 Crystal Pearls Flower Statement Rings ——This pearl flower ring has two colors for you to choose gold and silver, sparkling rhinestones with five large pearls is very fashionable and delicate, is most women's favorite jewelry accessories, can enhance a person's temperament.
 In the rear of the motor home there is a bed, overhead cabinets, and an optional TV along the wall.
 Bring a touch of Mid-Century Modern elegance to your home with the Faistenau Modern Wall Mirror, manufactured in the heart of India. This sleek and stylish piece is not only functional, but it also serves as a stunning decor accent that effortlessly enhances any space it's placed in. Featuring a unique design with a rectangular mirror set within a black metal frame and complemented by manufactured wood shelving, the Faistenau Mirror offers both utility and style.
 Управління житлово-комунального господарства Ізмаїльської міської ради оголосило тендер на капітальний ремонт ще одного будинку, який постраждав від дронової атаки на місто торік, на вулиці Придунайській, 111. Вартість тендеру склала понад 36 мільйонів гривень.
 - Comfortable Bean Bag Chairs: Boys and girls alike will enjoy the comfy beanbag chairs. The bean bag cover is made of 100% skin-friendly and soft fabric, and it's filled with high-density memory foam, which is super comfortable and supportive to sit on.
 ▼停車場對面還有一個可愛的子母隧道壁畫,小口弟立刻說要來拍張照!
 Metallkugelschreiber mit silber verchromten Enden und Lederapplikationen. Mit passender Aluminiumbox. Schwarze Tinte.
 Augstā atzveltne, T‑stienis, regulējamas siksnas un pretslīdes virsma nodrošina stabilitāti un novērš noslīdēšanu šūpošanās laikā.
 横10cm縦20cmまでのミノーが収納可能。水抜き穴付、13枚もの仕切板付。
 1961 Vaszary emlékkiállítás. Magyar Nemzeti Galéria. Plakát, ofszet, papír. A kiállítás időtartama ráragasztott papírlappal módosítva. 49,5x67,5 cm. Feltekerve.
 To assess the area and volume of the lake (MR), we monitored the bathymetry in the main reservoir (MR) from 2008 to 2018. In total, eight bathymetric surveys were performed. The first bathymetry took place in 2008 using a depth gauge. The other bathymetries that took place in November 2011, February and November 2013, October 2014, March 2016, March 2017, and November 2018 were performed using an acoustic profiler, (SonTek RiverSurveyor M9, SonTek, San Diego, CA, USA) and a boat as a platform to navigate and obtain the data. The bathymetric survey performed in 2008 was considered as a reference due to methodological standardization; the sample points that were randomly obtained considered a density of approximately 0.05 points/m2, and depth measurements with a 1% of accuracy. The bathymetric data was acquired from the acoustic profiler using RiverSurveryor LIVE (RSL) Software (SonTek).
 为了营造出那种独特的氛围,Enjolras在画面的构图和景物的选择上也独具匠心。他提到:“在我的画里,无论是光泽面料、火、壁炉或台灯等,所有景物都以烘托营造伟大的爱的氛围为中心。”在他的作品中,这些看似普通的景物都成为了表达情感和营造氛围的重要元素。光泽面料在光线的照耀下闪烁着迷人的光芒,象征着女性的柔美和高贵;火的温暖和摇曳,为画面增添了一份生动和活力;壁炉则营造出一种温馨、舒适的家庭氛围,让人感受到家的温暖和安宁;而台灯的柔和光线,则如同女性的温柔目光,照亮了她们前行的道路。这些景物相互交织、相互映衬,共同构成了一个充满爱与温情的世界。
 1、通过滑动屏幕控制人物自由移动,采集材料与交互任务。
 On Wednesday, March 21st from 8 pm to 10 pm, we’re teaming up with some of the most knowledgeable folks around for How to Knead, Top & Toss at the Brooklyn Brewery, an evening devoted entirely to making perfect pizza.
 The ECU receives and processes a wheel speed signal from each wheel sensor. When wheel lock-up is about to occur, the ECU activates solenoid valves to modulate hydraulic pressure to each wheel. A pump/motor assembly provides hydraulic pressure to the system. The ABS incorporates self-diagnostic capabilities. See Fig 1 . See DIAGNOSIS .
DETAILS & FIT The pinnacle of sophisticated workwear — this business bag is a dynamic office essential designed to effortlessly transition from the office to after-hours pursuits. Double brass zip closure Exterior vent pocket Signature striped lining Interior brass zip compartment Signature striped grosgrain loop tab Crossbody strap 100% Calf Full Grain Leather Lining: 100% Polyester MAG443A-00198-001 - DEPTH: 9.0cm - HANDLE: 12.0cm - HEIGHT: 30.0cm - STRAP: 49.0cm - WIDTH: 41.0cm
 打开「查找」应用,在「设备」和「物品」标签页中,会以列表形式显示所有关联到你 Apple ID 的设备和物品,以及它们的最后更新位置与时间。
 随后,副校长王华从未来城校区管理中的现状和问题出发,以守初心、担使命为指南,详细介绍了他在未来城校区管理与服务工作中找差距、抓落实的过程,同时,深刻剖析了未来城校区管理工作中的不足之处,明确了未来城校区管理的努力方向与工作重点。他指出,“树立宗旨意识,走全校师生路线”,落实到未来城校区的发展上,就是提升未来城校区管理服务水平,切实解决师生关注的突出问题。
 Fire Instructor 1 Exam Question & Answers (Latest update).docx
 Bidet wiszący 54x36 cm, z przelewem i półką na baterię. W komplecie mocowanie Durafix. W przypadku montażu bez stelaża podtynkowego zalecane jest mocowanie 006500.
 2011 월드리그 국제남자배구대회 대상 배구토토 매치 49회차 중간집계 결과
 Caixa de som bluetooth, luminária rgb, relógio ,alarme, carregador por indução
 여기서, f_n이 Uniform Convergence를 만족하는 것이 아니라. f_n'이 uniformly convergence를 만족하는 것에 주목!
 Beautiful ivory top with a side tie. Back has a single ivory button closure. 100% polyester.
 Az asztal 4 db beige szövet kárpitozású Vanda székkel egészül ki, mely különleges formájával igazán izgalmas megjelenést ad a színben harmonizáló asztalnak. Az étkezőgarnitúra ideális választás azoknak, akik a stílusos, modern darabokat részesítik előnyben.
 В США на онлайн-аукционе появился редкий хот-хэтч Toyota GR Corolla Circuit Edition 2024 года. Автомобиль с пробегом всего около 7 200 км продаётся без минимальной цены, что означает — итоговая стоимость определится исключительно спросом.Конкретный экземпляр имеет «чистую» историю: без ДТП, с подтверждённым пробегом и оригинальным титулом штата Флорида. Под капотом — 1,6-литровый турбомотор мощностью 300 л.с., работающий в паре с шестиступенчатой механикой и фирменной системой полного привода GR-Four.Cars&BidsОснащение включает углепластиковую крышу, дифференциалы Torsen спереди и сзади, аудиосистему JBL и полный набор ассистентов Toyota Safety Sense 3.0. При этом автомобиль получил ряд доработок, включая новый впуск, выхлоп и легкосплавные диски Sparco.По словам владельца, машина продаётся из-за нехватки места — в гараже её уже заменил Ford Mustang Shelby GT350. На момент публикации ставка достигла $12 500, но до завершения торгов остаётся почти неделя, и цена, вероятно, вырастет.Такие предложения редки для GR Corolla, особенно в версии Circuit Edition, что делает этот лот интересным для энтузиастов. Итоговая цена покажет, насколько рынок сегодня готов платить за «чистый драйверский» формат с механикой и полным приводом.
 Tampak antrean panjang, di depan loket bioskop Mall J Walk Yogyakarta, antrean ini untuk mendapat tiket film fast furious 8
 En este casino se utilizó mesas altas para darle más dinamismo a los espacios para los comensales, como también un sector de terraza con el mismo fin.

> **Aim of the exercise**:
Give again exactly, and only, the lines above starting at the one with "随后,副校长王华从未来城校区" and ending at the one with "Az asztal 4".

> **Answer to this problem**:
 随后,副校长王华从未来城校区管理中的现状和问题出发,以守初心、担使命为指南,详细介绍了他在未来城校区管理与服务工作中找差距、抓落实的过程,同时,深刻剖析了未来城校区管理工作中的不足之处,明确了未来城校区管理的努力方向与工作重点。他指出,“树立宗旨意识,走全校师生路线”,落实到未来城校区的发展上,就是提升未来城校区管理服务水平,切实解决师生关注的突出问题。
 Fire Instructor 1 Exam Question & Answers (Latest update).docx
 Bidet wiszący 54x36 cm, z przelewem i półką na baterię. W komplecie mocowanie Durafix. W przypadku montażu bez stelaża podtynkowego zalecane jest mocowanie 006500.
 2011 월드리그 국제남자배구대회 대상 배구토토 매치 49회차 중간집계 결과
 Caixa de som bluetooth, luminária rgb, relógio ,alarme, carregador por indução
 여기서, f_n이 Uniform Convergence를 만족하는 것이 아니라. f_n'이 uniformly convergence를 만족하는 것에 주목!
 Beautiful ivory top with a side tie. Back has a single ivory button closure. 100% polyester.
 Az asztal 4 db beige szövet kárpitozású Vanda székkel egészül ki, mely különleges formájával igazán izgalmas megjelenést ad a színben harmonizáló asztalnak. Az étkezőgarnitúra ideális választás azoknak, akik a stílusos, modern darabokat részesítik előnyben.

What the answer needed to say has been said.